Abstract

In this paper, we propose a vision-based hand gesture recognition system for intelligent vehicles. Vision-based gesture recognition systems are employed in automotive user interfaces to increase the driver comfort without compromising their safety. In our algorithm, the long-term recurrent convolution network is used to classify the video sequences of hand gestures. In the standard long-term recurrent convolution network-based action classifier, multiple frames sampled from the video sequence are given as an input to the network, to perform classification. However, the use of multiple frames increases the computational complexity, apart from reducing the classification accuracy of the classifier. We propose to address these issues by extracting a fewer representative frames from the video sequence, and inputting them to the long-term recurrent convolution network. To extract the representative frames, we propose to use novel tiled image patterns and tiled binary pattern within a semantic segmentation- based deep learning framework, the deconvolutional neural network. The novel tiled image patterns contain multiple non-overlapping blocks and represent the entire gesture-based video sequence within a single tiled image.
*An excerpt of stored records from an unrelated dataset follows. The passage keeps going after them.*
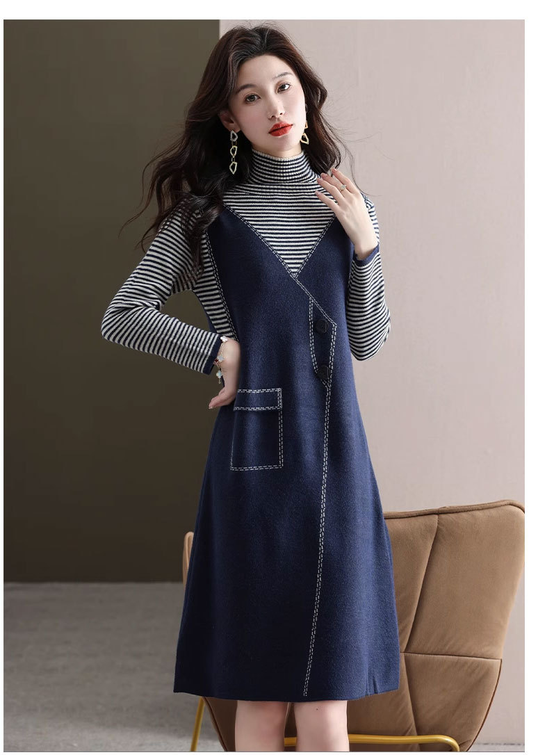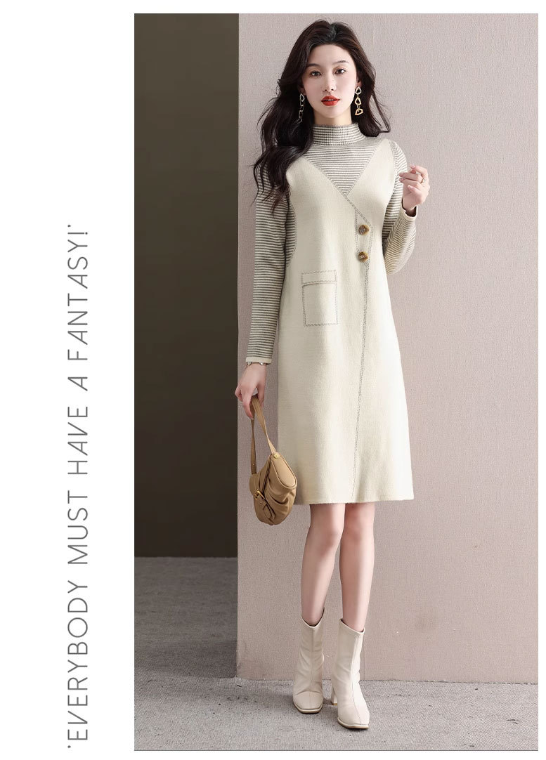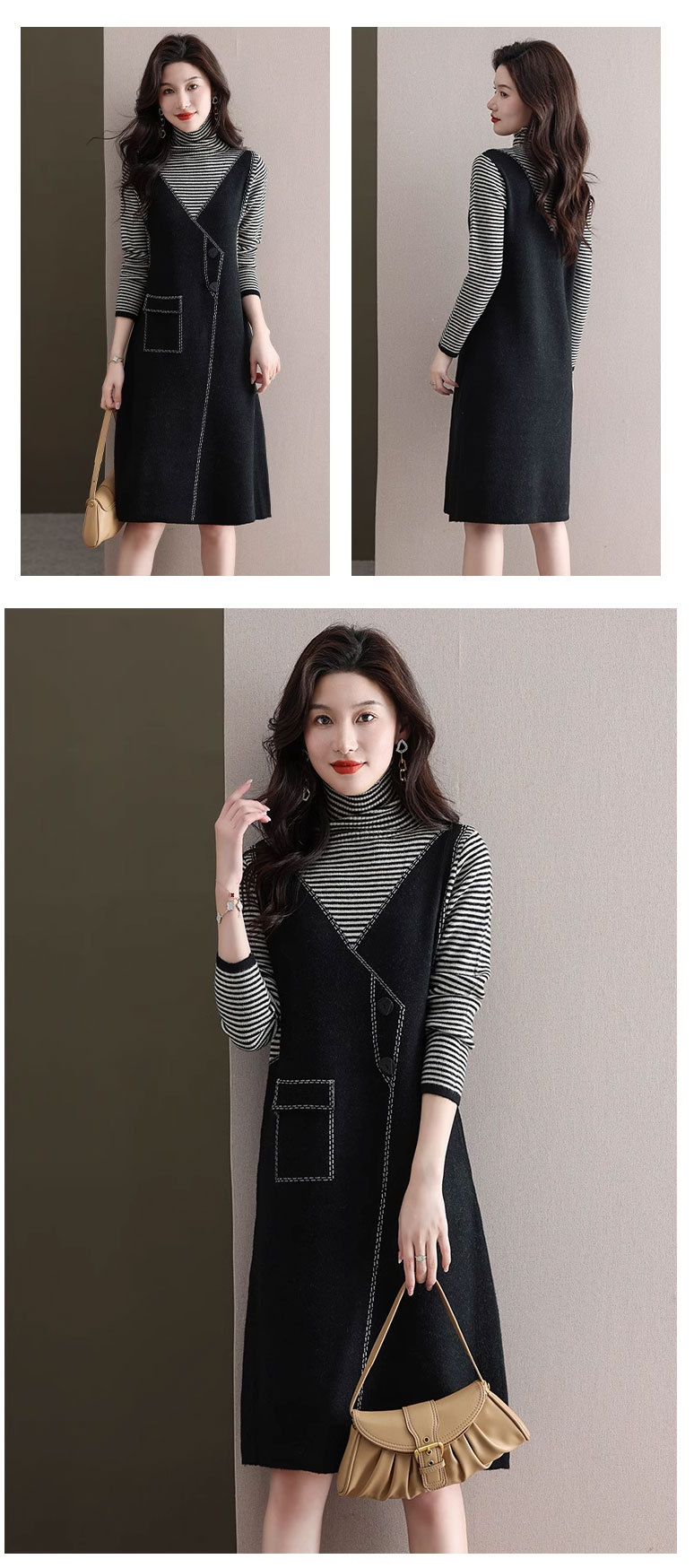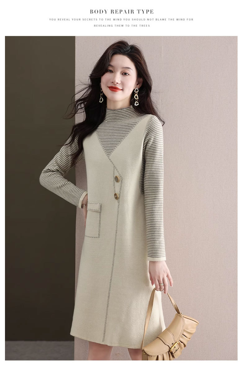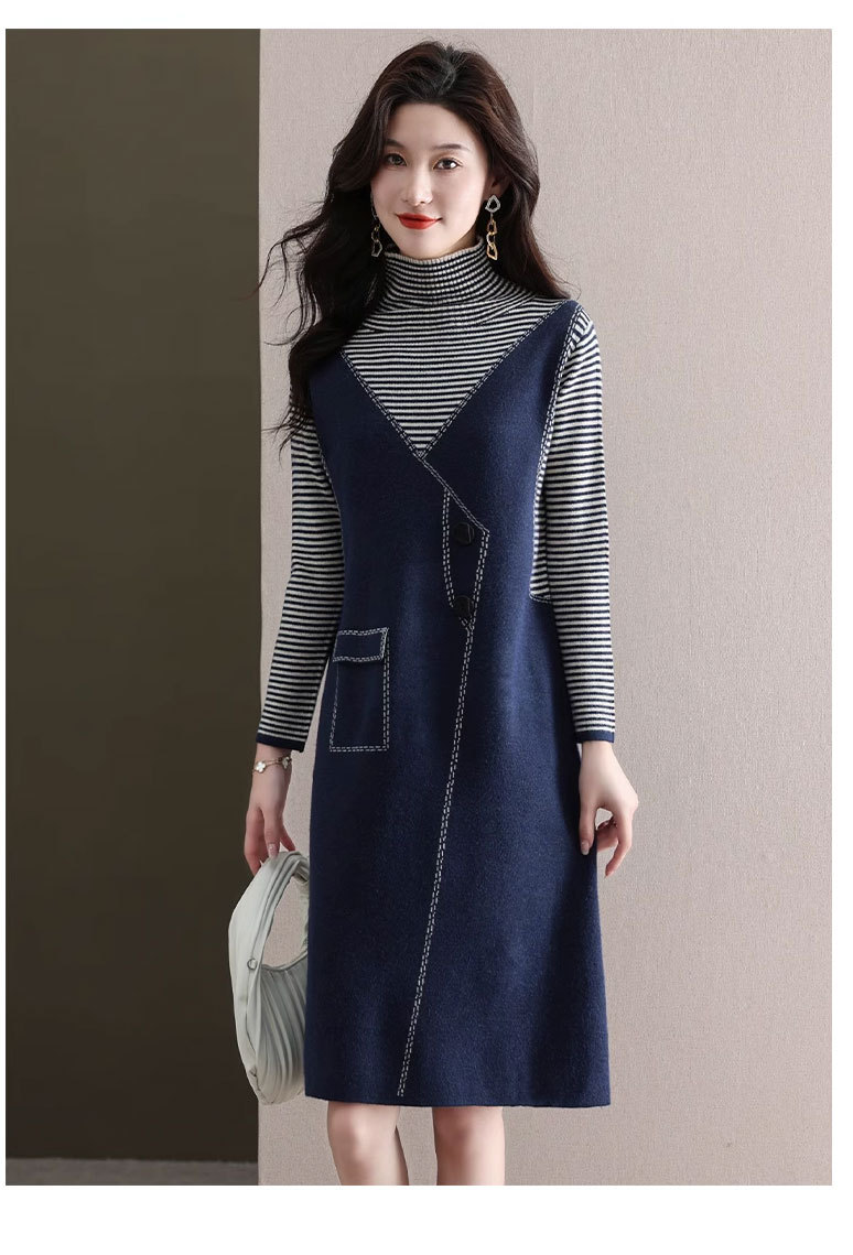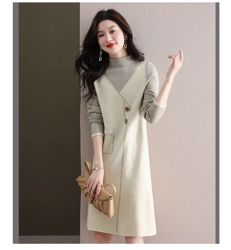 【配大衣连衣裙女】秋冬中长款针织衫假两件毛衣裙宽松内搭打底针织裙
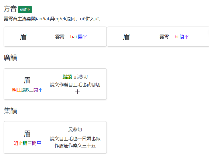OCR:IMG:方音修订中云霄音主流实际ian/iat与en/ek混同,ue并入ui.眉云霄:bai阳平眉云霄:bi阴平广韵眉脂武悲切说文作目上毛也武悲切明止脂B三开平二+集韵悲切眉说文目上毛也一日媚也隶明止脂三开平作眉通作麋文三十五
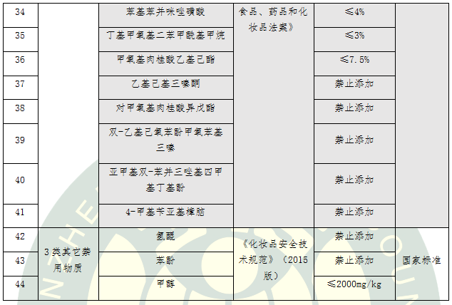 c.防晒剂(15种):苯基苯并咪唑磺酸、二苯酮 -4和二苯酮-5、对氨基苯甲酸、对甲氧基肉桂酸异戊酯、 PABA乙基己酯、丁基甲氧基二苯甲酰基甲烷、奥克立林、甲氧基肉桂酸乙基己酯、水杨酸乙基己酯、胡莫柳酯、乙基己基三嗪酮、亚甲基双 -苯并三唑基四甲基丁基酚、双 -乙基己氧苯酚甲氧苯基三嗪、二苯酮 -3、4-甲基苄亚基樟脑

These image patterns represent the input to the deconvolution network and are generated from the video sequence. The novel tiled binary pattern also contain multiple non-overlapping blocks and represent the representative frames of the video sequence. These binary patterns represent the output of the deconvolution network. The training binary patterns are generated from the training video sequences using the dictionary learning and sparse modeling framework. We validate our proposed algorithm on the public Cambridge gesture recognition dataset. A comparative analysis is performed with baseline algorithms and an improved classification accuracy is observed. We also perform a detailed parametric analysis of the proposed algorithm. We report a gesture classification accuracy of 91% and report a near real-time computational complexity of $110$~ms per video sequence.